§ **What you should do**
Every line from the one holding "- Durable Material: Linen" through the one holding "1.4 Povežite kablove" in the data below must be returned exactly, both ends included, with pictures left out and nothing else added.

= Beginning of Section =

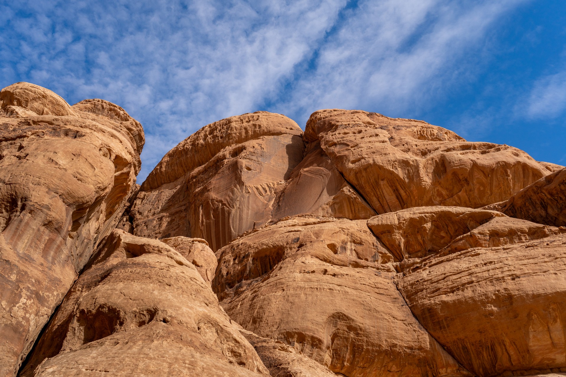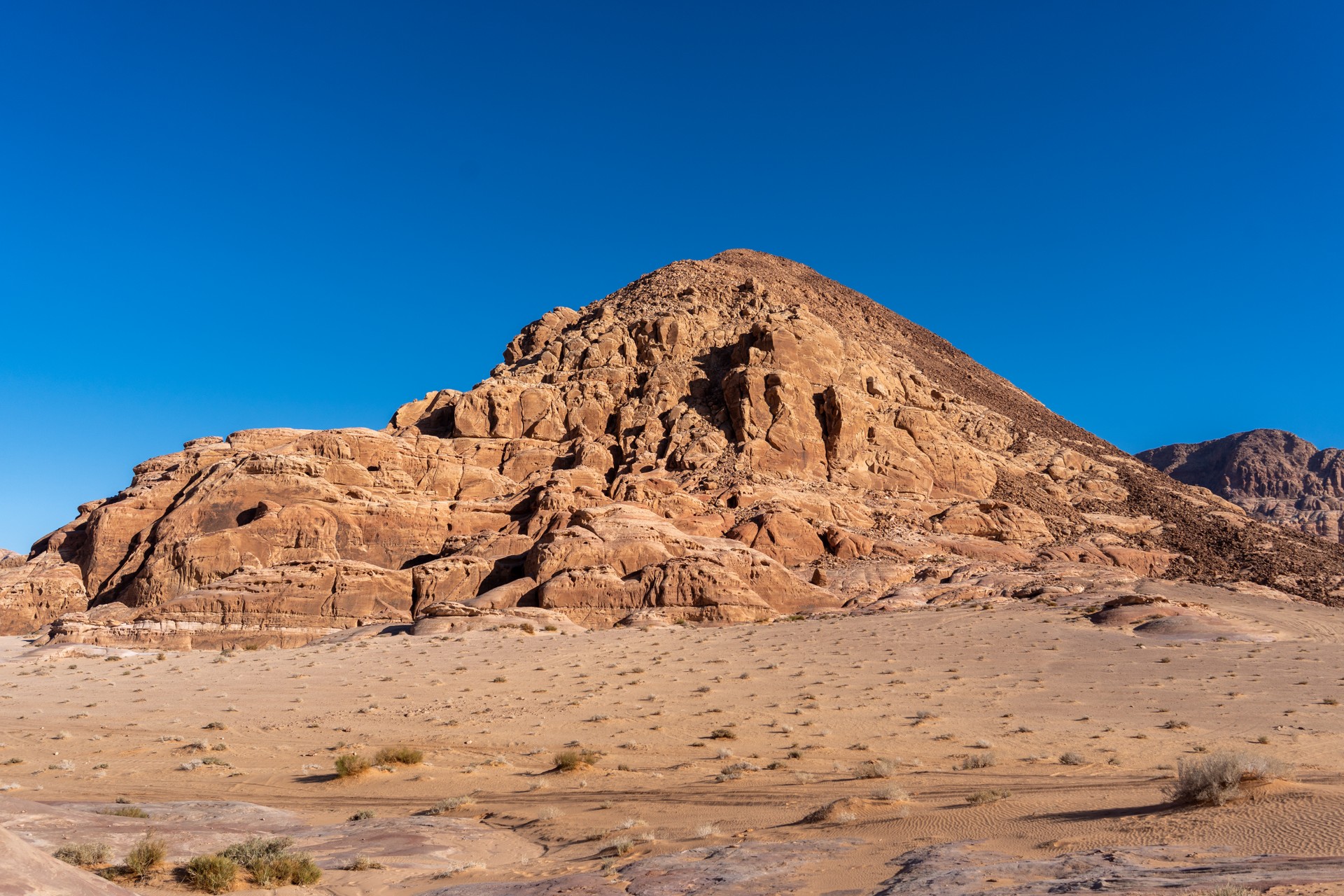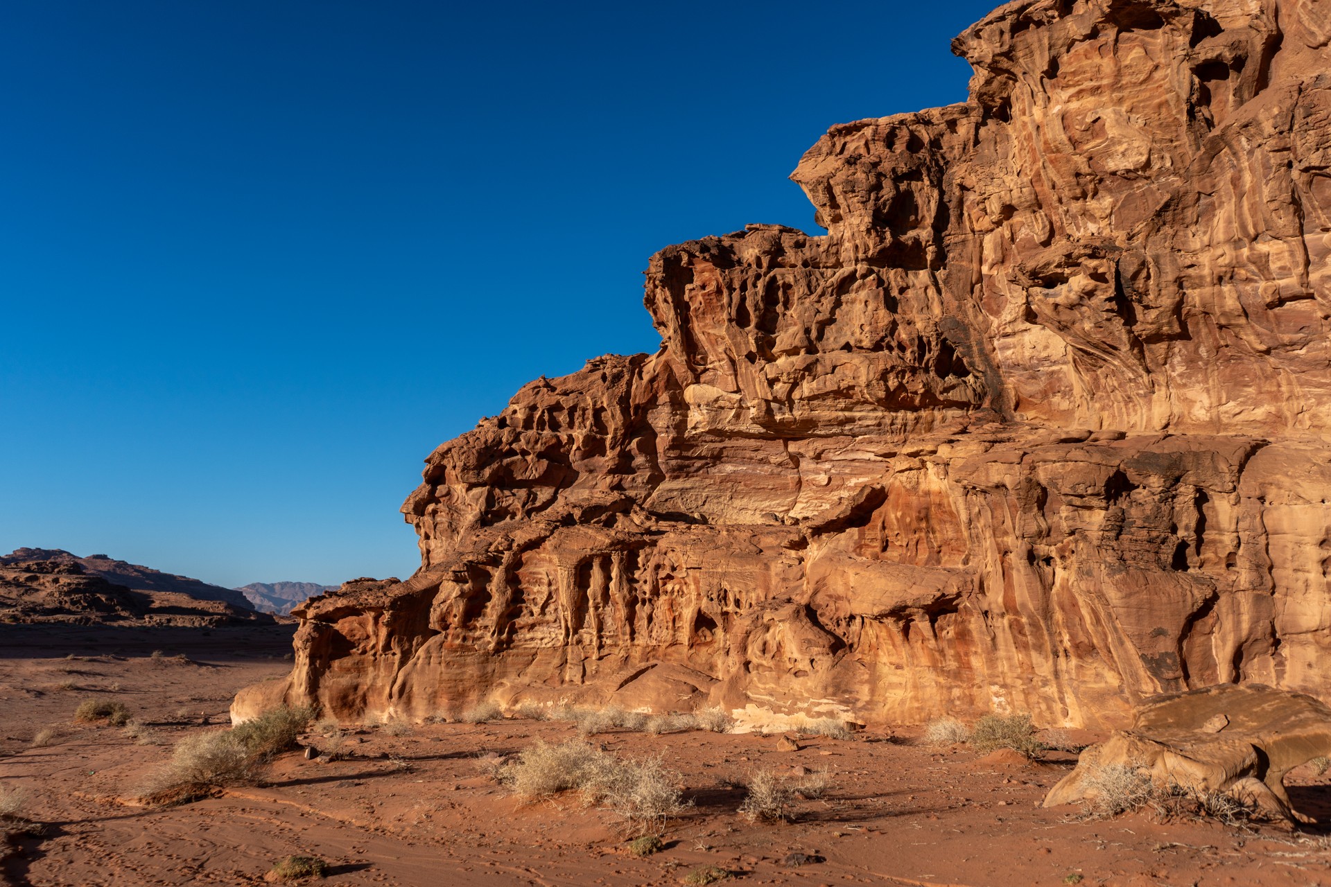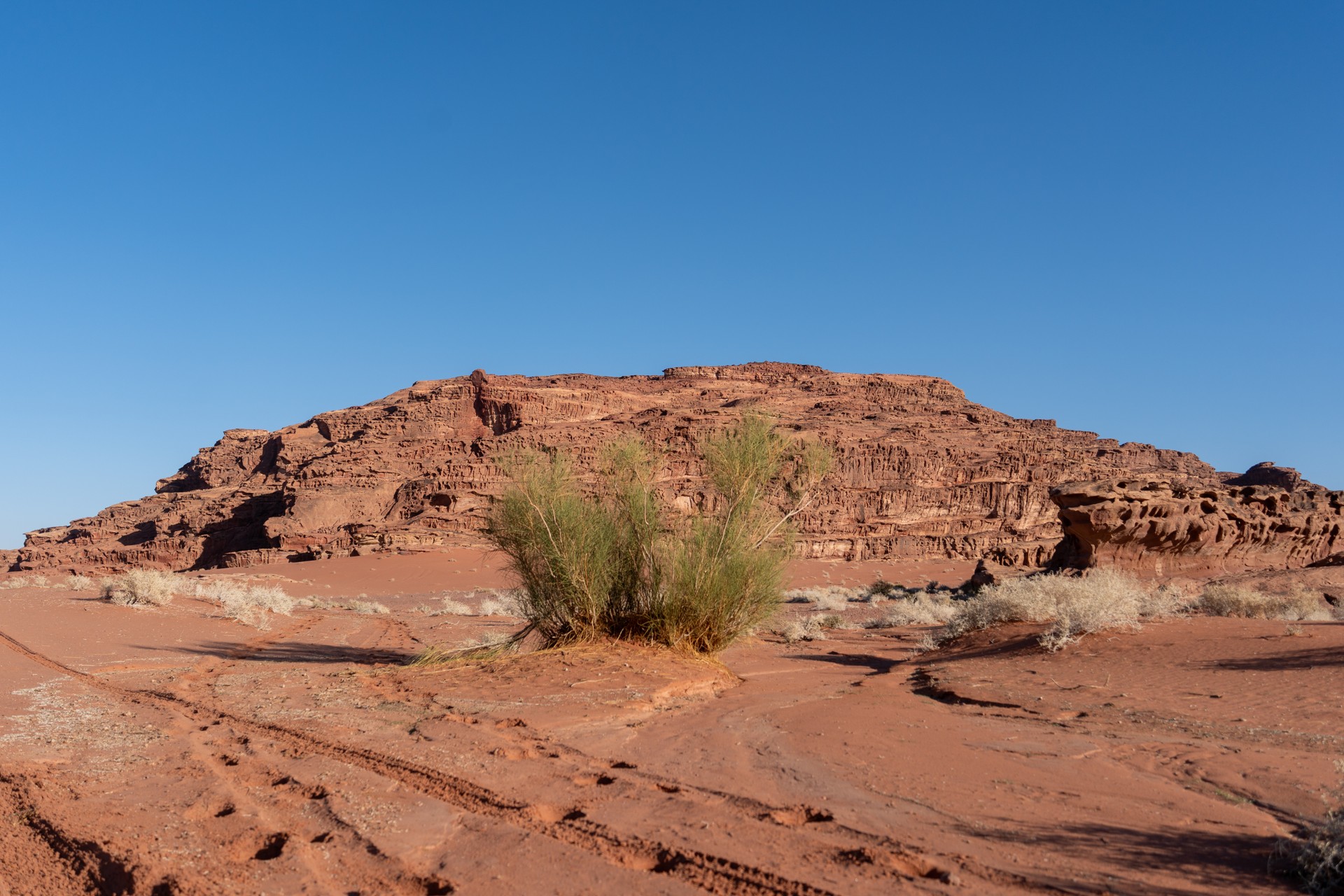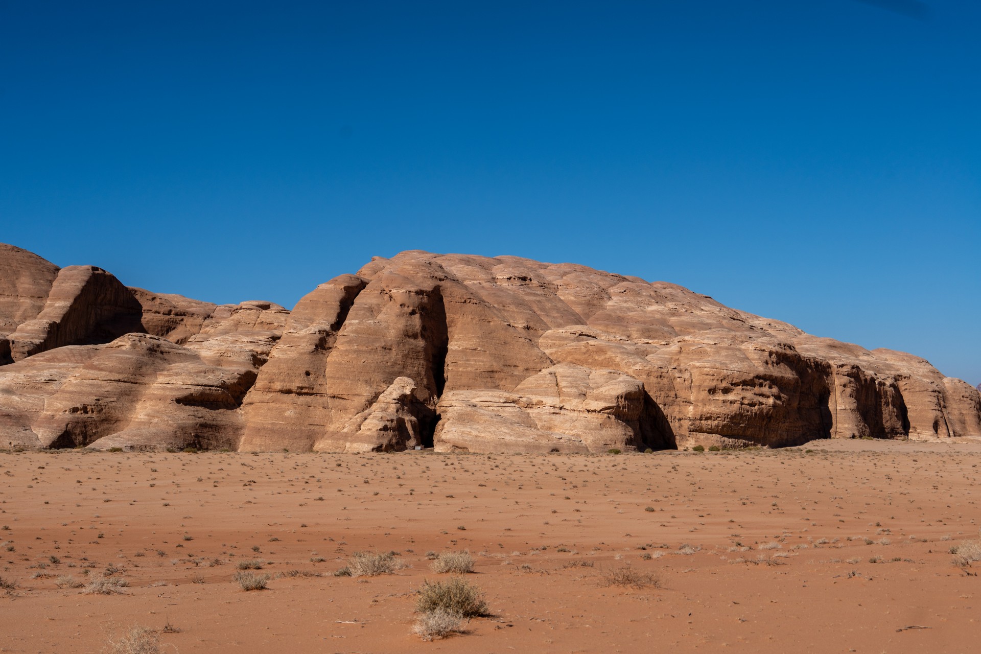 Druhá cesta do Jordánska, na týden během Vánoc 2025, vedla letecky do Ammánu. Pro rychlý přesun na jih jsem využil vnitrostátní let národního dopravce Royal Jordanian do Akaby, odkud jsem se vydal do chráněného území Vádí Rum na šestidenní cestu pouští. Od moře jsem vystoupal do nadmořské výšky 1 200 metrů, kde se denní teploty pohybovaly kolem 15 °C a v noci klesaly pod 5 °C.
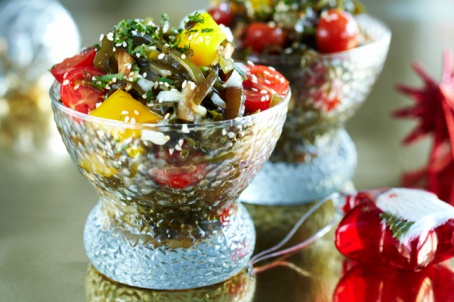 - Полить салат заправкой, перемешать, оставить настояться на 30-40 минут. Переложить на блюдо, посыпать нарубленными листьями петрушки и кунжутом.
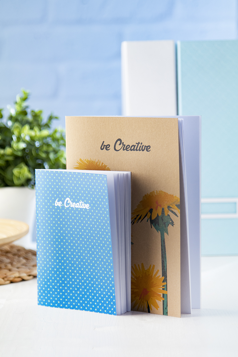 Na zakázku vyrobený blok A6 s deskami z recyklovaného kraftového papíru s 32 listy recyklovaného papíru. Cena zahrnuje celobarevně potištěný vnější obal, nezahrnuje tiskovou přípravu. Min. mn.: 100 ks.
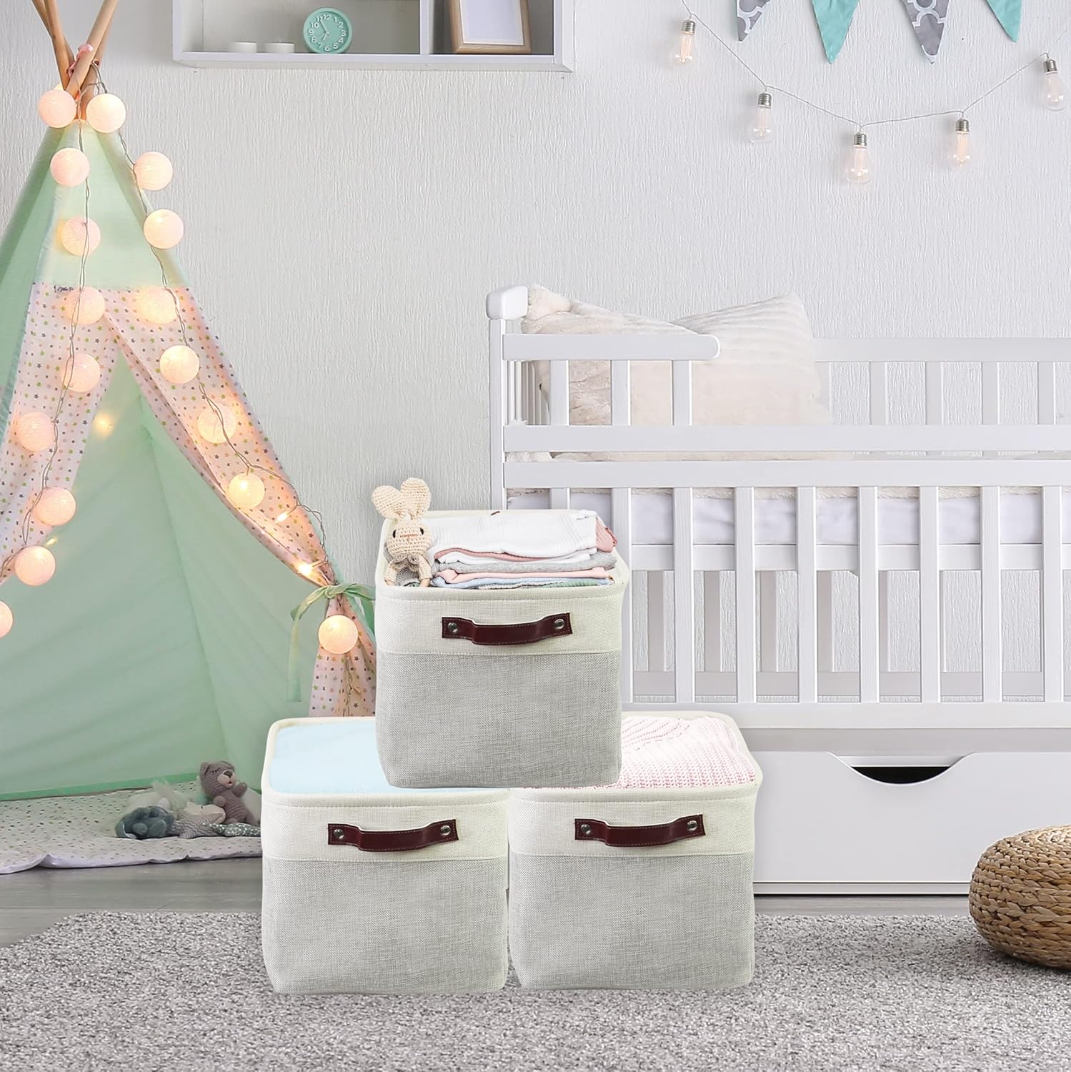 - Durable Material: Linen upper with EVA baking and reinforced bottom base for bins keep its shpae while staying soft
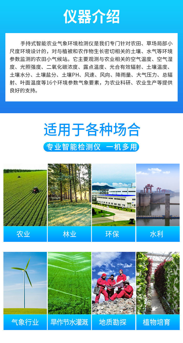 广泛应用于农业、林业、环保、水利、气象行业、旱作节水灌溉、地质勘探、植物培育等领域。
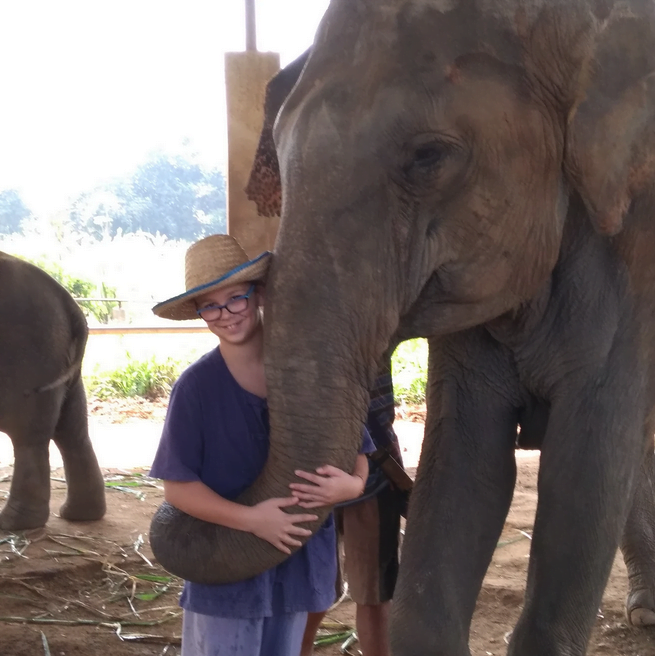 Jade: To get there we woke up early and they took us into a minivan and we drove an hour and ten minutes. When we got there we put on blue cloaks – and the reason we wore blue was because the elephants were used to that colour. The first step of the elephant care camp was to walk over to a sand flat and the elephants came to us. What we did is we had a bag of bananas and we put a banana in the elephant’s trunk and they would put them in their mouths. We then fed them grass. Fun fact: Female elephants are more sociable than male elephants because when they go on adventure in the wild, the oldest female leads them. My favourite part was we took them into a mud spa and we slopped mud all over them and then washed it off.
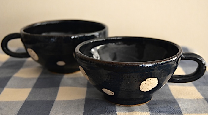 古信楽の土に撥水で水玉を描き海鼠釉を掛ける。軽くて手に馴染むカップができました。
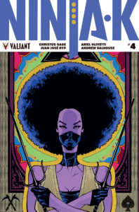 At the height of 1970s Britain, MI-6’s covert “Ninja Programme” has just activated its first female agent: NINJA-G! As financial instability grips the nation and anarchy brews in the streets, can MI-6’s newest ninja recruit counter a steady tide of double agents, double crosses, and dueling nation states that will take her from the leather-padded corridors of London to the most severe corners of the Soviet Bloc? The life expectancy of a ninja agent is never long…but just how and why are NINJA-G’s missions still impacting Ninjak’s deadly manhunt in the modern day? And could her legacy hold the secret to decoding the murders of the Ninja Programme’s last surviving members – before Colin King is scratched off the list once and for all?
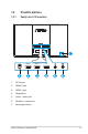 1.4 Povežite kablove 1.4.1 Zadnji deo LCD monitora 7 HDMI-2 HDMI-1 2 3 1 1. DC-IN port 2. HDMI-2 port 3. HDMI-1 port 4. DisplayPort 5. Audio - ulazni port 6. Slušalice - izlazni port 7.
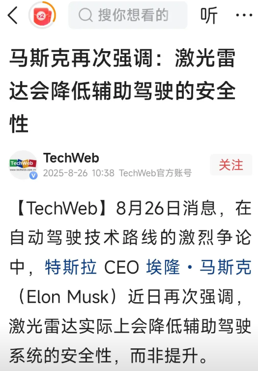 马斯克之所以不用激光雷达方案一是贵,二是性能远比不上华为的。 贵是因为博世激光雷达套餐售价2万多美元。 由于美国政府的制裁,特斯拉不能用我国激光雷达,只能用博世又贵又落后的。 而华为自研的192线激光雷达售价才2千多美元。 还有就是激光雷达毫米波雷达和摄像头算法的融合它搞不定! 马斯克自从和特朗普闹掰之后,各地掀起了抵制特斯拉,和特斯拉股票的市值也大跌。 希望在中国市场能够赚取更多的利润。 但目前中国市场的内卷非常严重。 特斯拉换代没有那么快,压力也非常大。
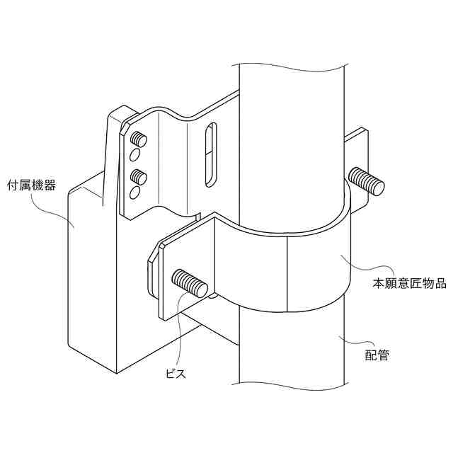 本願意匠に係る物品は、例えば、「使用状態を示す参考図」に示すように、配管等に取り付けられて、ガスメーター用の通信機や負荷計測器等の付属機器を取り付けるために用いられる取付具である。
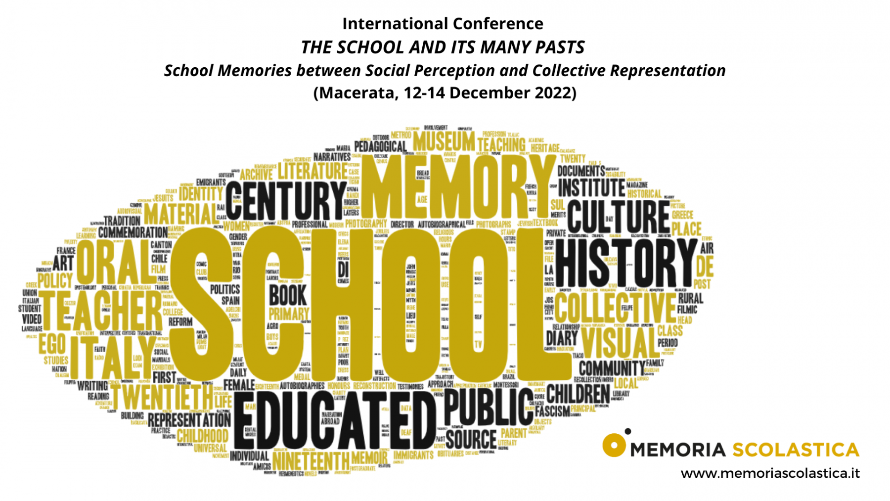 Il convegno si terrà a Macerata dal 12 al 14 dicembre 2022 e si propone di proseguire il filone di ricerca inaugurato dal simposio internazionale School Memories. New Trends in Historical Research into Education: Heuristic Perspectives and Methodological Issues, svoltosi a Siviglia nel 2015.
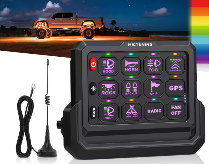 Панель создаёт централизованное управление дополнительными устройствами в внедорожнике, багги, катере или кемпере.
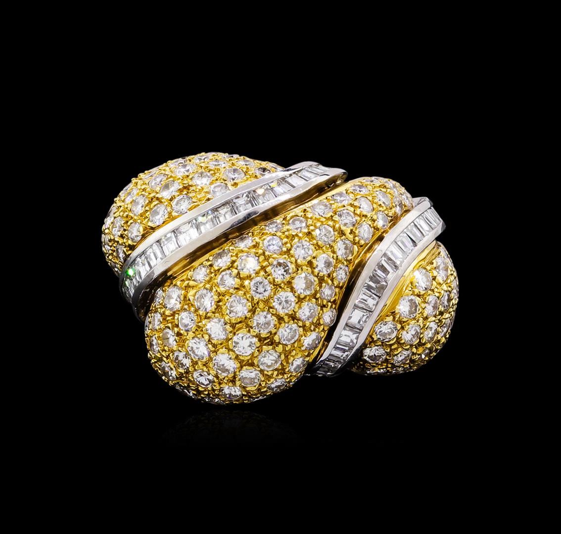 One electronically tested 18KT yellow gold ladies cast diamond ring. The ring features three diamond curvatures with baguette diamond ribbon accents supported by tapering shoulders, completed by a four millimeter wide band. Bright polish finish with rhodium accents. Identified with markings of "18K". Condition is good. Containing: Forty-Three channel set baguette cut (tapered) diamonds, measuring from 2.00 x 1.50 x 1.05mm (depth est.) to 2.10 x 1.80 x 1.26mm (depth est.) approximate total weight of 43 Stones = 1.54ct. Graded in the setting. Clarity: VS-1 to VS-2. Color: E - G One Hundred Forty-Three prong set round brilliant cut diamonds, measuring 2.40 - 1.50 x 1.17mm (depth est.) approximate total weight of 143 Stones = 3.86ct. Graded in the setting. Clarity: SI-1 to SI-2. Color: D - F. Total Weight of Diamonds 5.40ct. Total Weight of Ring 22.69gm. AIG Appraised at $24,360.00.

= End of Section =

§ **Solution to this task**
 - Durable Material: Linen upper with EVA baking and reinforced bottom base for bins keep its shpae while staying soft
 广泛应用于农业、林业、环保、水利、气象行业、旱作节水灌溉、地质勘探、植物培育等领域。
 Jade: To get there we woke up early and they took us into a minivan and we drove an hour and ten minutes. When we got there we put on blue cloaks – and the reason we wore blue was because the elephants were used to that colour. The first step of the elephant care camp was to walk over to a sand flat and the elephants came to us. What we did is we had a bag of bananas and we put a banana in the elephant’s trunk and they would put them in their mouths. We then fed them grass. Fun fact: Female elephants are more sociable than male elephants because when they go on adventure in the wild, the oldest female leads them. My favourite part was we took them into a mud spa and we slopped mud all over them and then washed it off.
 古信楽の土に撥水で水玉を描き海鼠釉を掛ける。軽くて手に馴染むカップができました。
 At the height of 1970s Britain, MI-6’s covert “Ninja Programme” has just activated its first female agent: NINJA-G! As financial instability grips the nation and anarchy brews in the streets, can MI-6’s newest ninja recruit counter a steady tide of double agents, double crosses, and dueling nation states that will take her from the leather-padded corridors of London to the most severe corners of the Soviet Bloc? The life expectancy of a ninja agent is never long…but just how and why are NINJA-G’s missions still impacting Ninjak’s deadly manhunt in the modern day? And could her legacy hold the secret to decoding the murders of the Ninja Programme’s last surviving members – before Colin King is scratched off the list once and for all?
 1.4 Povežite kablove 1.4.1 Zadnji deo LCD monitora 7 HDMI-2 HDMI-1 2 3 1 1. DC-IN port 2. HDMI-2 port 3. HDMI-1 port 4. DisplayPort 5. Audio - ulazni port 6. Slušalice - izlazni port 7.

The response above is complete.